▸ What to do: Your answer should be the lines below from the one holding "使用 docker system" through the one holding "Location Kitchen Group", copied exactly and with nothing else.

--- Records for this task Enclosed Below ---

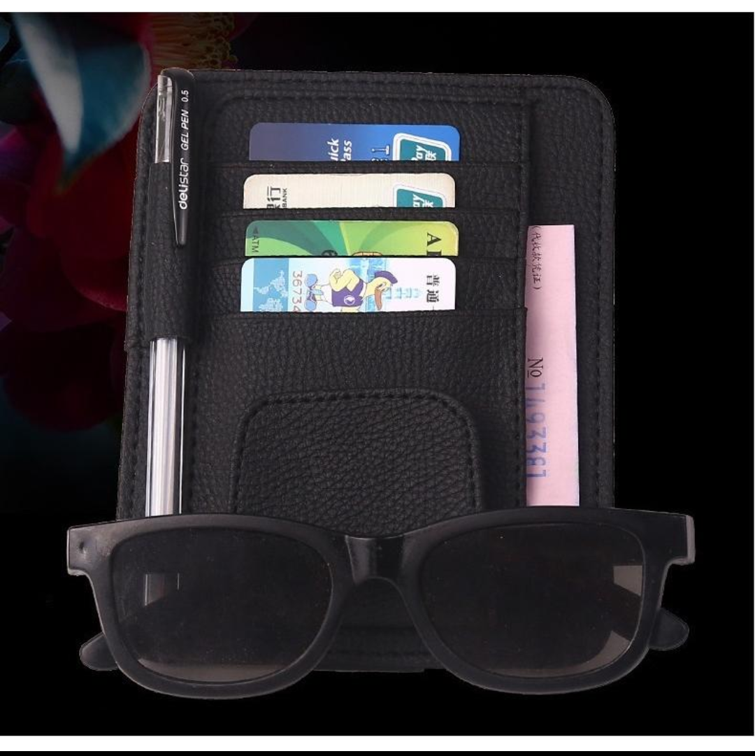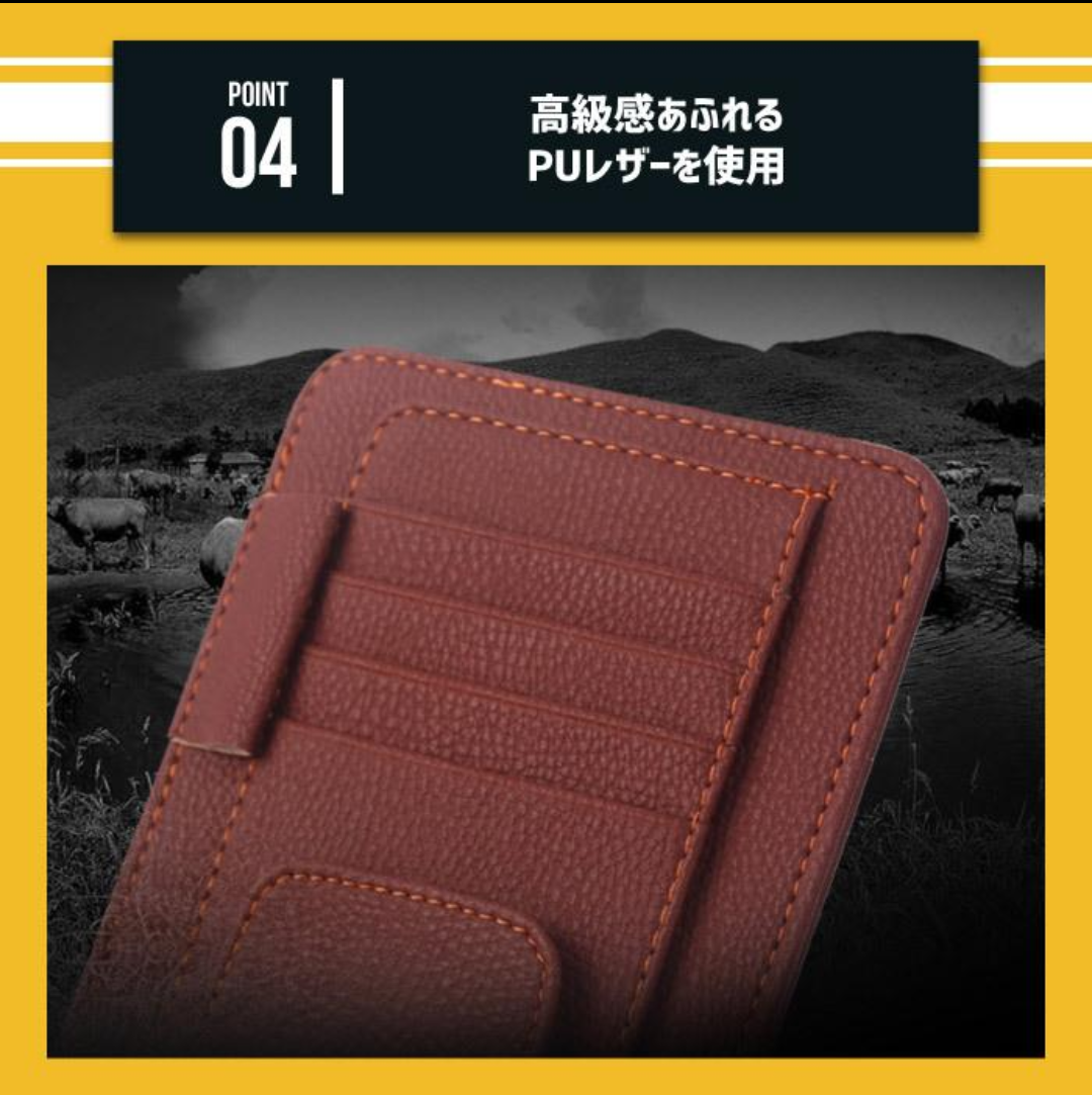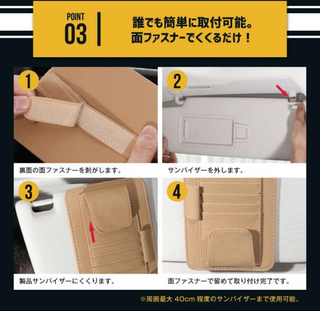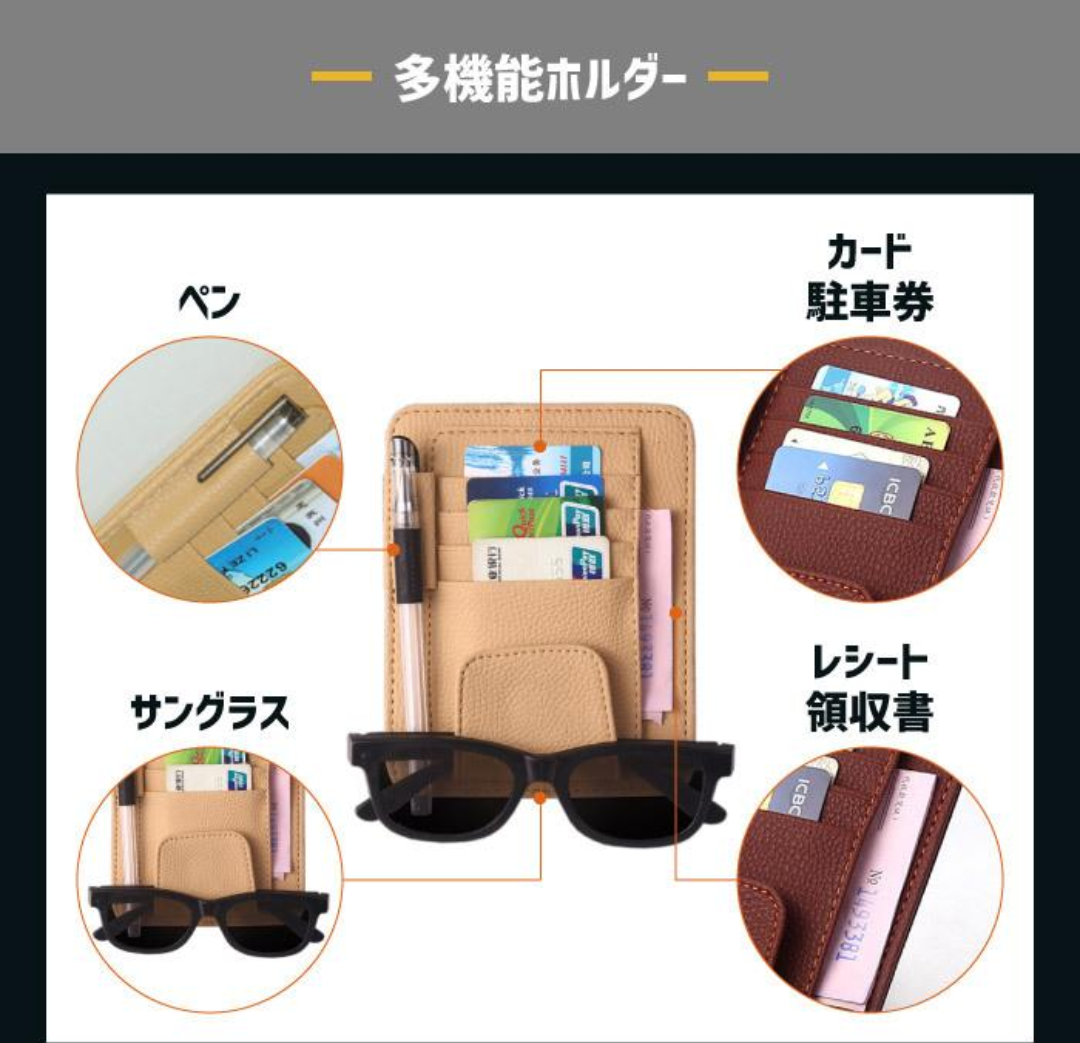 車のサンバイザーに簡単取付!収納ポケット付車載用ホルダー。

--- End of Enclosed Records for this task ---
--- Records for this task Enclosed Below ---

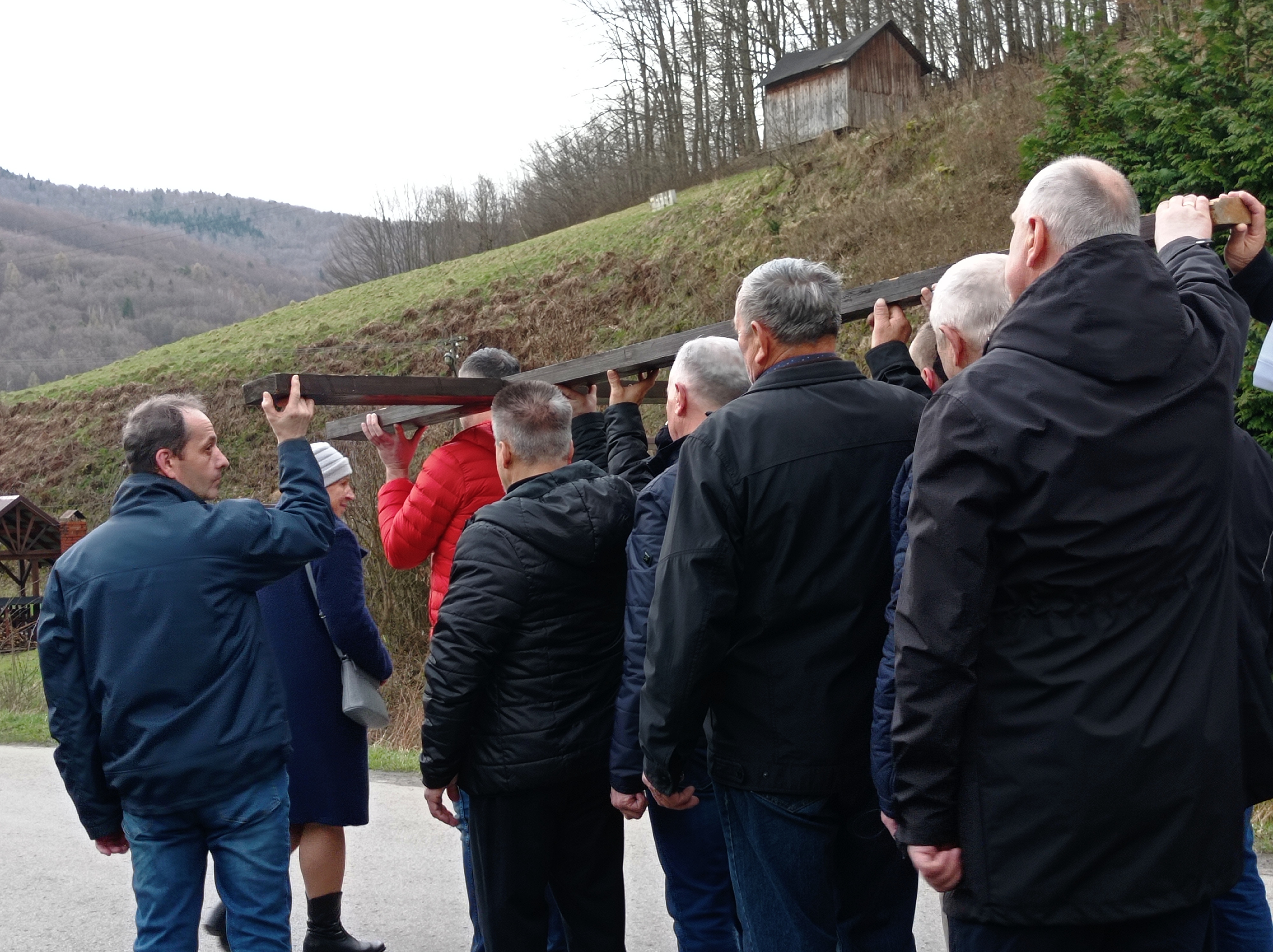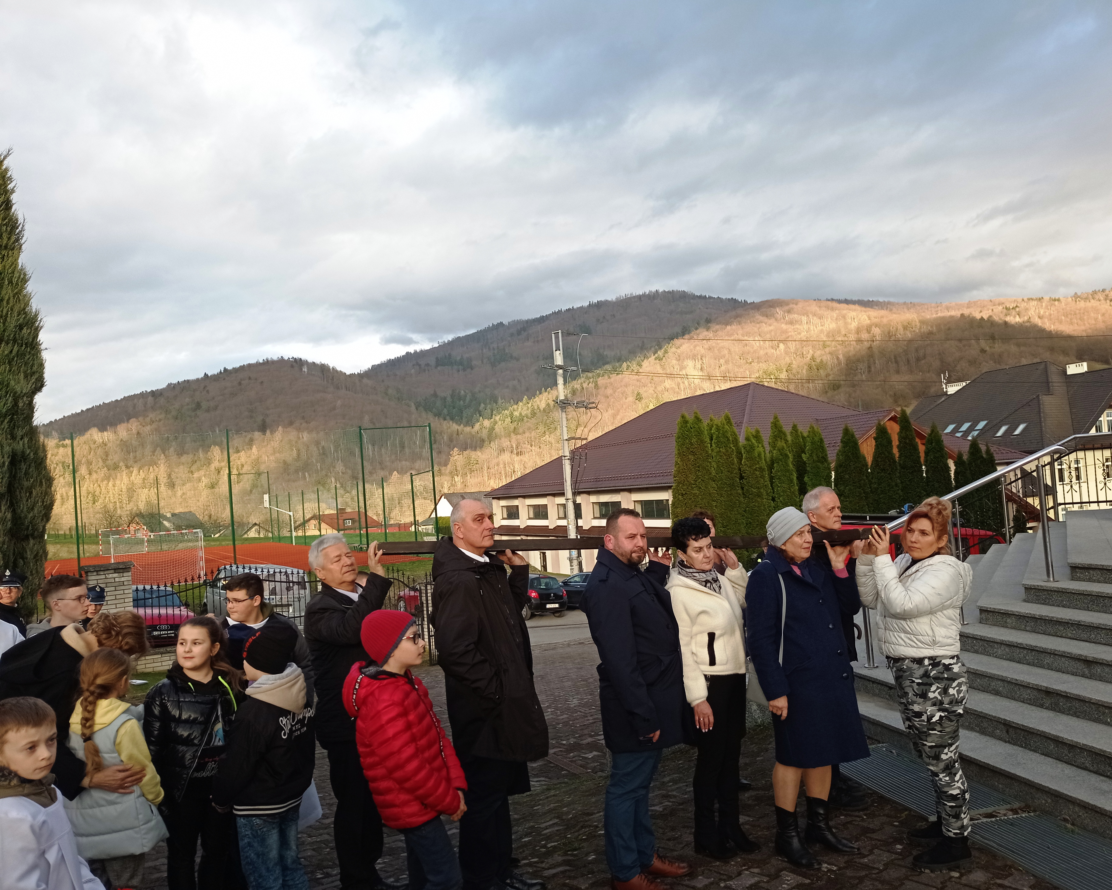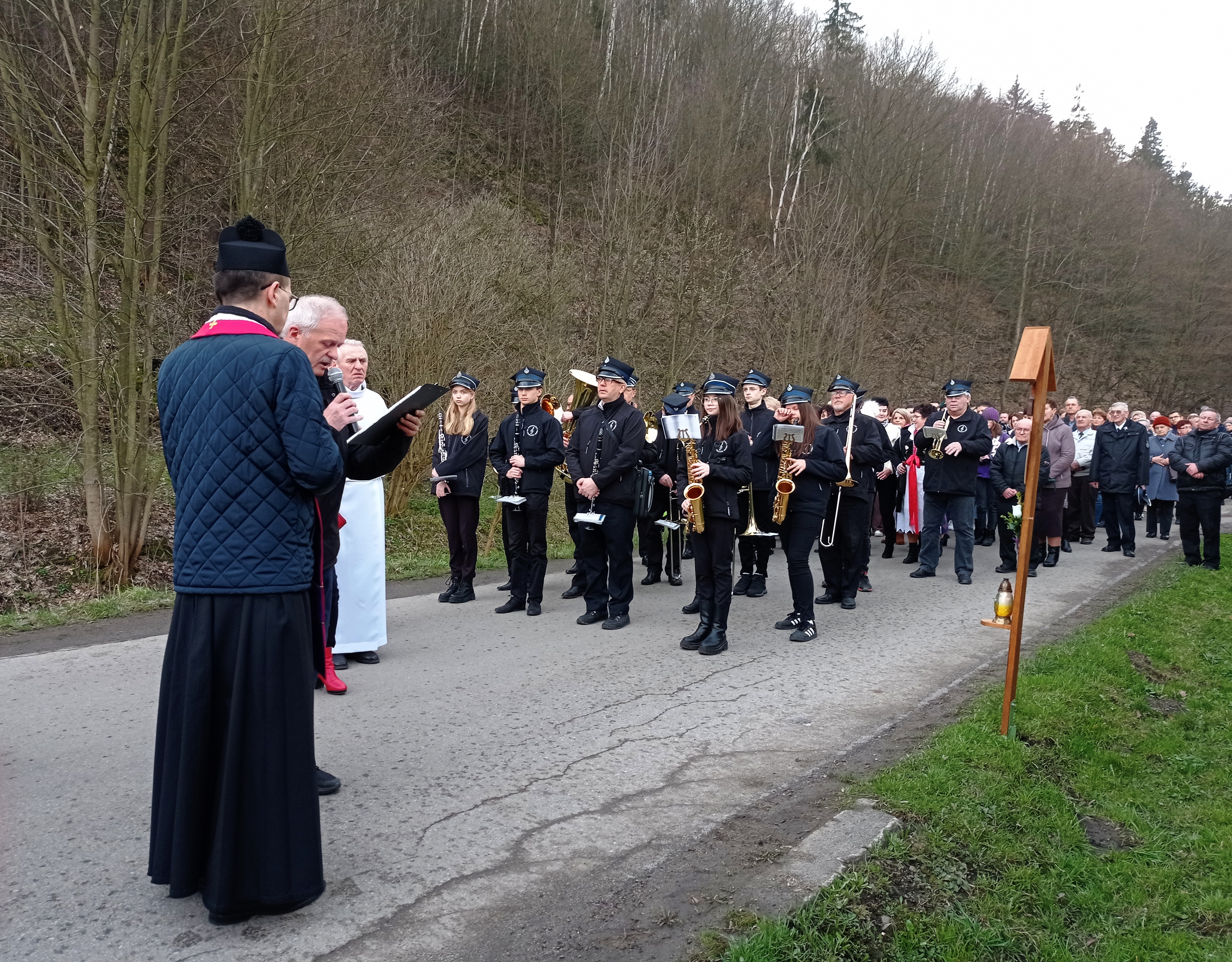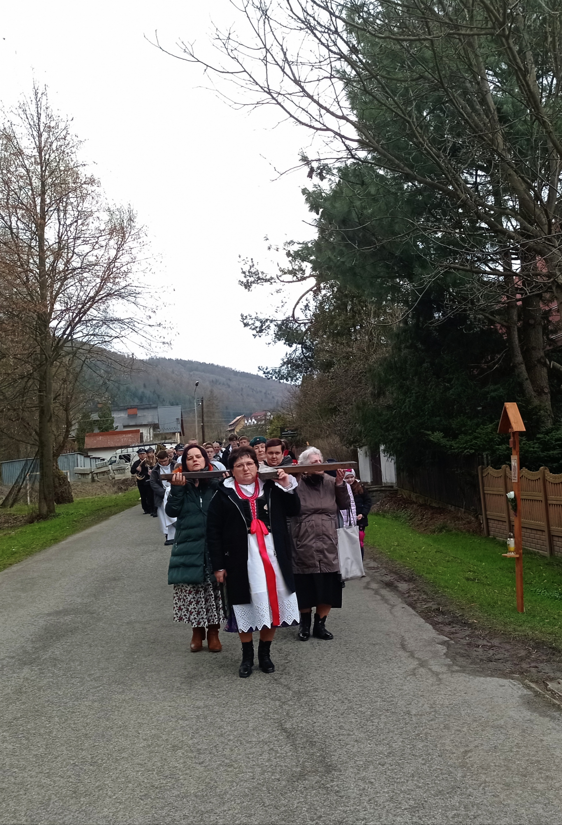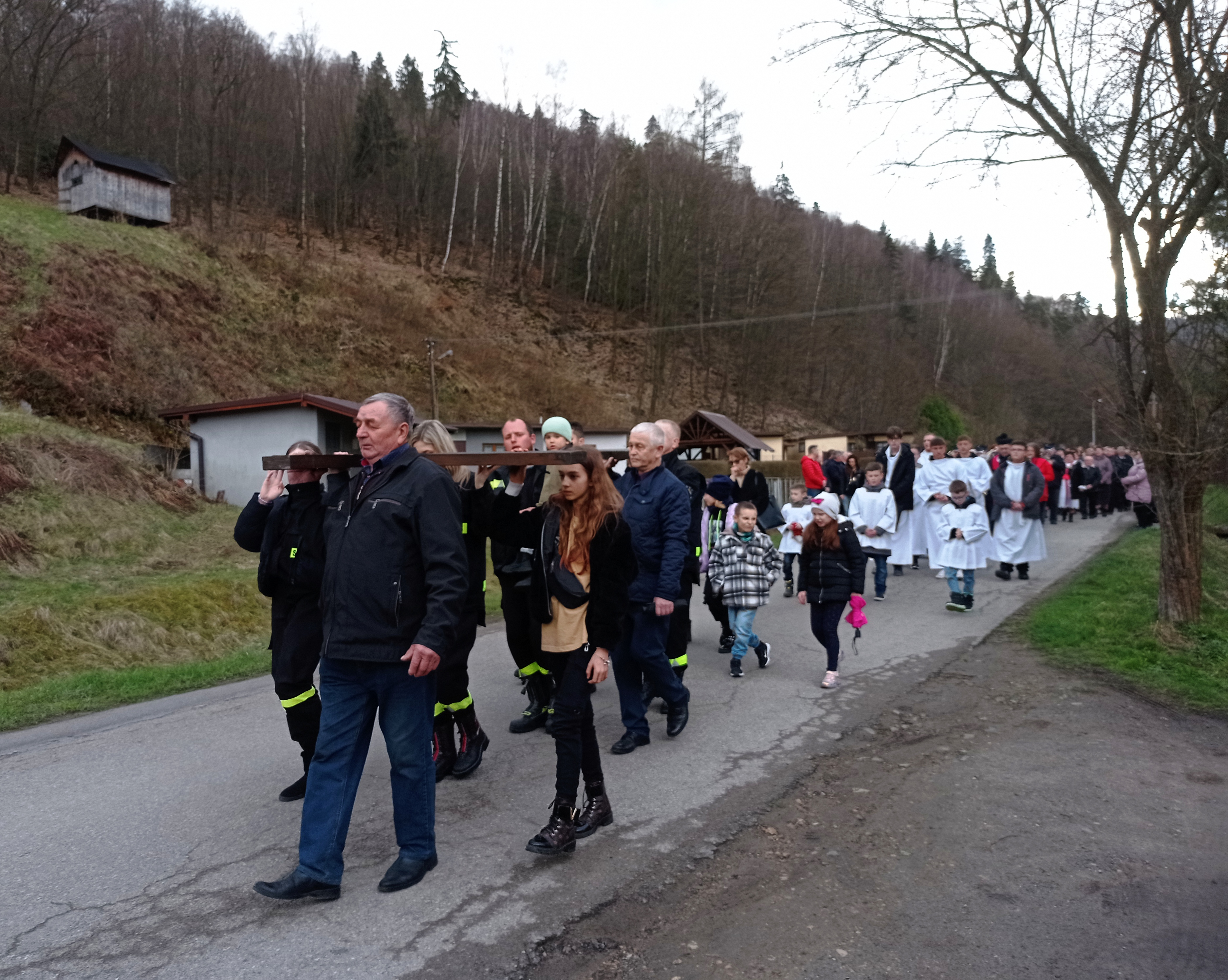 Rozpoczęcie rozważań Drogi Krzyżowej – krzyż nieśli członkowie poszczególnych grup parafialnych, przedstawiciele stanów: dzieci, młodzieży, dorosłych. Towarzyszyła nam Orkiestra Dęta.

--- End of Enclosed Records for this task ---
--- Records for this task Enclosed Below ---

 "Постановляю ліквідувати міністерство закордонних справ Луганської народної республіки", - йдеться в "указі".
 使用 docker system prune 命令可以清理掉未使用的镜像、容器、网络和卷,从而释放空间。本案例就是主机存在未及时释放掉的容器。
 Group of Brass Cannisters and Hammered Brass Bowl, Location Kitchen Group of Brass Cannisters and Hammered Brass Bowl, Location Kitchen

--- End of Enclosed Records for this task ---

▸ The completed task:
 使用 docker system prune 命令可以清理掉未使用的镜像、容器、网络和卷,从而释放空间。本案例就是主机存在未及时释放掉的容器。
 Group of Brass Cannisters and Hammered Brass Bowl, Location Kitchen Group of Brass Cannisters and Hammered Brass Bowl, Location Kitchen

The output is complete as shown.